To All the Boys: P.S. I Still Love You pretty much picks up right where Netflix’s smash hit predecessor left off. Lara Jean (Lana Condor) is finally official and going steady with Peter Kavinsky (Noah Centineo), their once forged relationship now a young romance in the honeymoon phase. He takes the overthinking LJ on her first real date, and like most young men, Peter easily falls into jealous habits. The two are drawn to one another but don’t always exist on the same wavelength, each wondering if they’re worthy of the other’s affection. That’s typical in a new high-school romance, but those very insecurities can make an already challenging part of life all the more confusing. Is this love or like? Watch and see.

I’ve always been a sucker for the classic love triangle, and P.S I Still Love You gets there when Lara Jean receives a letter from one of the five original recipients she wrote to when she was younger, all of them postmarked and shipped by her sister Kitty (Anna Cathcart) in the first film. He’s John Ambrose McClaren (Jordan Fisher), a smart, handsome young man who was LJ’s first true crush. They meet again, in the random way good romantic comedies suffuse the right moments with slightly convincing serendipity. There are sparks. But she’s already fanned the flames with Peter, although some petty arguments and true misunderstandings let the kindling turn close to ashes.
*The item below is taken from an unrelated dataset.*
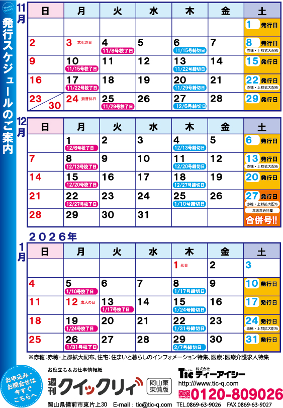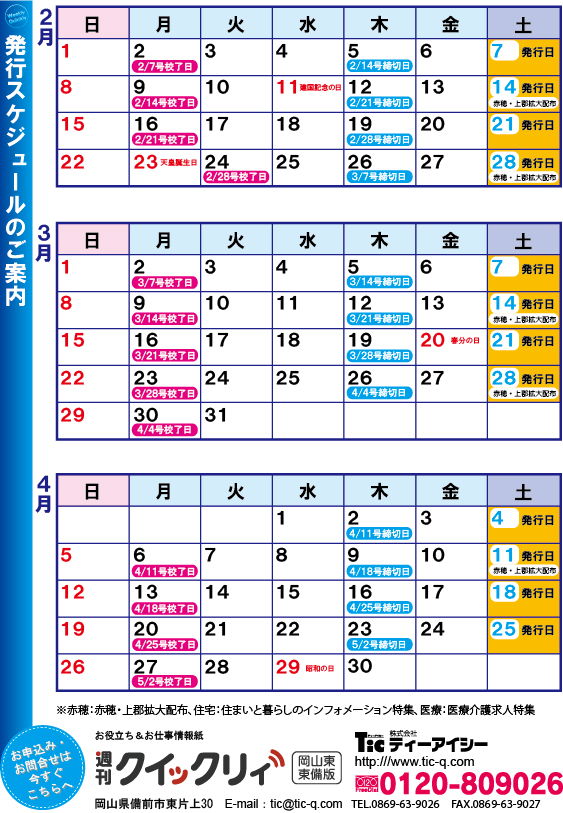 クイックリィ東備・岡山東版 最新発行スケジュール

What will she or should she do? Lara Jean gets to be the navigator, the leading lady and the head writer of her own love story. That’s a powerful sentiment in a movie so simple on the surface.
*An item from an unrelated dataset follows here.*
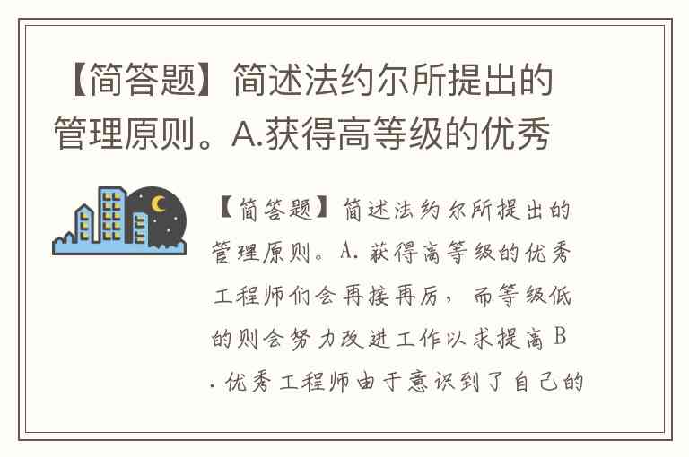 【简答题】简述法约尔所提出的管理原则。A.获得高等级的优秀工程师们会再接再厉,而等级低的则会努力改进工作以求提高 B.优秀工程师由于意识到了自己的价值而产生跳槽思想,差一些的则仍会留在企业 C.对这种严格控制,工程师们很有意见,致使今后工作难以分配 D.差一些的工程师,由于面子过不去而另谋职业出走,结果只留下优秀的工程师

While it’s not as heartwarming or romantic as 2018’s To All the Boys I’ve Loved Before, this more challenging sequel really benefits from having the same crew behind the scenes. Director Michael Fimognari helps maintain a consistent tone, and the screenwriters breathe new life into their adaptation of Jenny Han’s YA novel without cheapening or abandoning the source material. The performances are solid all around, especially from Condor, a young and still relatively new actress who’s already able to speak through her eyes. She has such a bright future ahead of her. One can’t ignore the charisma of Noah Centineo either. He can sound so phony at times, but that’s just his voice, and he embraces it in a way that most teen heartthrobs would try to alter to seem more commercial. The words here are familiar yet the handwriting is all its own.
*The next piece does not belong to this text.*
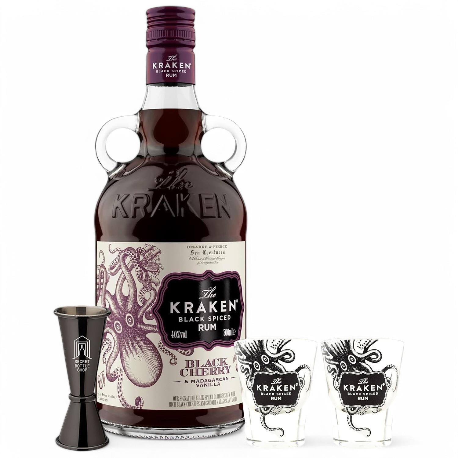 Kraken Black Cherry & Madagascan Vanilla Spiced Rum 70cl - Glasses & Jigger Set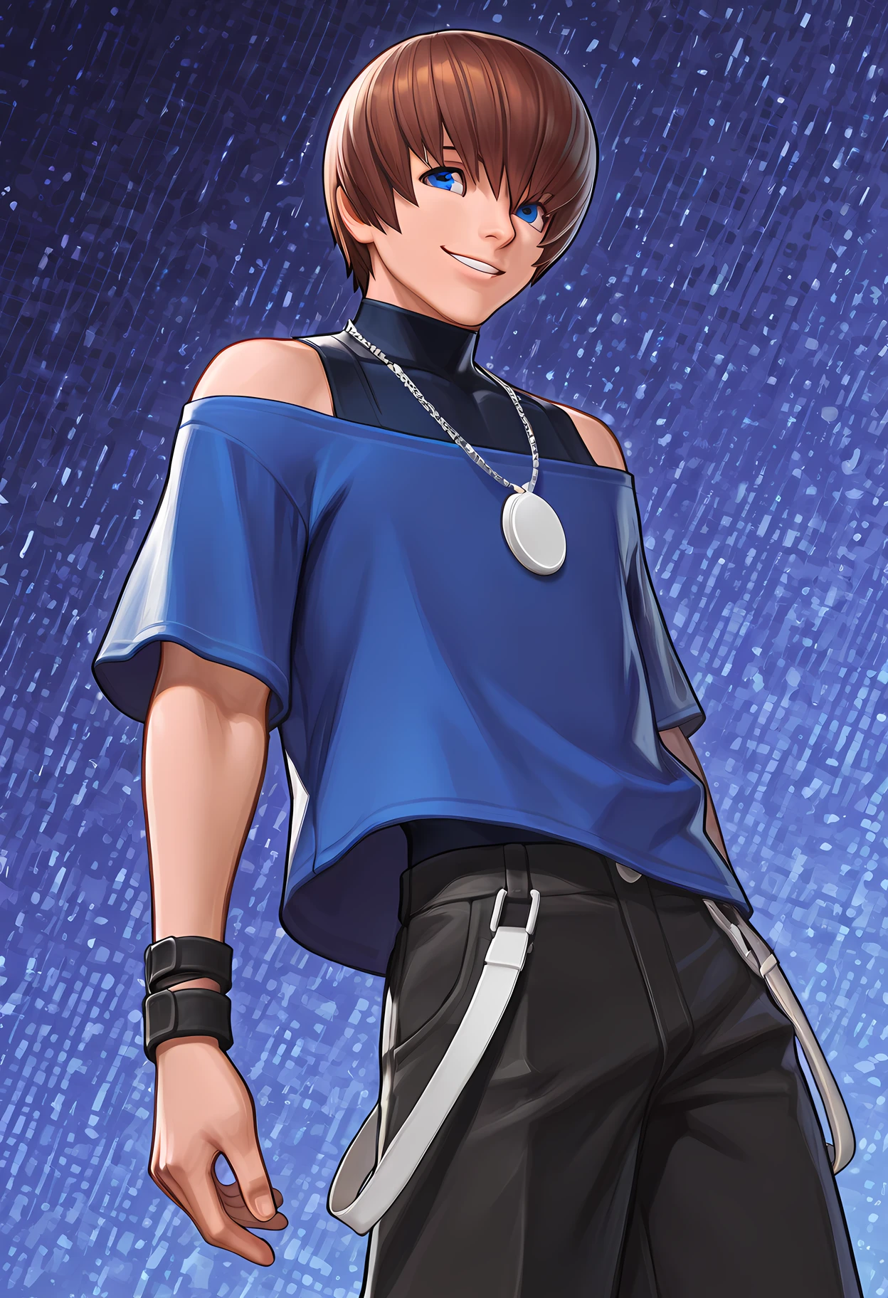 kof_chrisxv, brown hair, blue eyes, short hair, blue shirt, bare shoulder, black turtleneck, short sleeves, black pants

I’m starting to think that the reason I admire this series so much is because it intrinsically understands – and daringly dives into – the kind of romances found in cheap novels and so many lazy movies. But this is a slightly elevated depiction worthy of being taken seriously. It’s the kind of movie young people will likely latch onto with reckless abandon and hopeful possibility, and one that will help older generations remember lost love with longing eyes and a grin full of recollection. P.S. I Still Love You is a more than satisfying post-script setting up the last film in this Netflix series, and it’s a modern approach to the painstaking, antiquated art of the love letter. Combine everything with the standout, stellar soundtrack and you have a current rom-com that’s both a reinvention of and an homage to all the stories it’s loved before.

“Unbreak it, if that’s what you want.”